Besan protein tacos come with the benefits of high protein flour recipes for muscle gain, with the taste of your favorite street food.

Meal Plan: Your Week on High Protein Indian Recipes for Gym

Not sure how to fit these recipes into your daily routine? Here's a simple 7-day meal plan using these high-protein recipes that helps you stay on track without spending hours in the kitchen or eating the same meal every day:

Monday-Wednesday:

  • Breakfast: 2 besan cheela for weight loss and Greek yogurt.
  • Lunch: Have a complete meal, including besan dhokla, dal, and rice.
  • Pre-Workout Snack: Banana and 1 tbsp peanut butter.
  • Dinner: Chicken, salad, and roti.

Thursday-Friday:

  • Breakfast: Sattu pancakes and berries.
  • Lunch: Besan protein taco and moong dal breakfast bowl.
  • Pre-Workout Snack: 2 boiled eggs.
  • Dinner: Fish, vegetables, and roti.

Saturday-Sunday:

  • Breakfast: Whatever you want from above.
  • Lunch: It's time for a cheat meal because you’ve earned it by being consistent and true to your diet.
  • Pre-Workout: Sattu, milk, and banana.
  • Dinner: Paneer curry, dal, and rice.

Final Truth Bomb

Your abs aren't built in the gym. The journey starts from your kitchen.
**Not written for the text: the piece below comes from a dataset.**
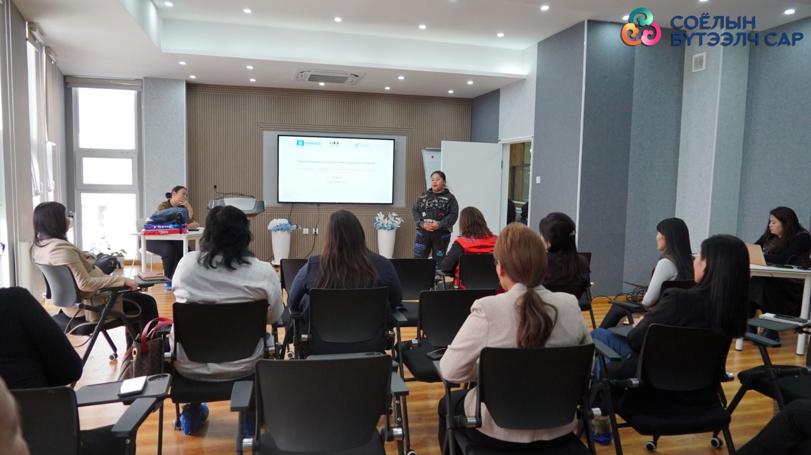 “Соёлын бүтээлч сар” аяны хүрээнд зохион байгуулж буй энэхүү чадавх бэхжүүлэх сургалтыг Соёл, спорт, аялал жуулчлал, залуучуудын яамны Соёлын биет бус өвийн асуудал хариуцсан мэргэжилтэн, ЮНЕСКО-ийн итгэмжлэгдсэн зөвлөх багш Ц.Цолмон, Соёлын өвийн үндэсний төвийн Бүртгэл, мэдээллийн газрын дарга, ЮНЕСКО-ийн итгэмжлэгдсэн зөвлөх багш А.Саруул нар чиглүүлэн явуулж байна.

High protein flour recipes for muscle gain are the ultimate choice because they're cheap, convenient, tasty, effective, and sustainable. 

Likewise, 47% of gym goers don't see results, not because the recipes don't work; it's because they use low-quality ingredients. However, your body deserves not just any besan, not just any sattu, but real ingredients.

10on10 Foods is an FMCG brand known for its quality standards. Gym goers, fitness enthusiasts, and common beings trust us for our premium-quality besan and nutrient-rich sattu because every ingredient is carefully sourced to help you fuel your fitness journey with confidence.

Till then, train hard, eat smart, and let traditional Indian nutrition do the heavy lifting.

FAQs

Q1: How to get 100 grams of protein a day in Indian?
A:
For that, you have to aim for about 25-30g of protein in each of your main meals and include a few protein-rich snacks.

Q2: How much besan should I eat daily for muscle gain?
A:
Ideally, a young adult should consume 40-60g of besan per day. And it can be fulfilled from roughly 2 cheelas (30g protein) and 1 bowl of sattu (12g protein). For extra protein, combine them with other protein sources like eggs, chicken, and dal.

Q3: Does besan cause bloating?
A:
Yes, but only if you're not used to the fiber. In your initial days, start with 1 cheela for 2 weeks, and your gut will adjust gradually.

Q4: Can beginners (no gym experience) eat these recipes?
A:
Yes, because these recipes are easier to digest than most Indian breakfasts. So, they’re perfect for beginners. Plus, these provide sustained energy without heaviness.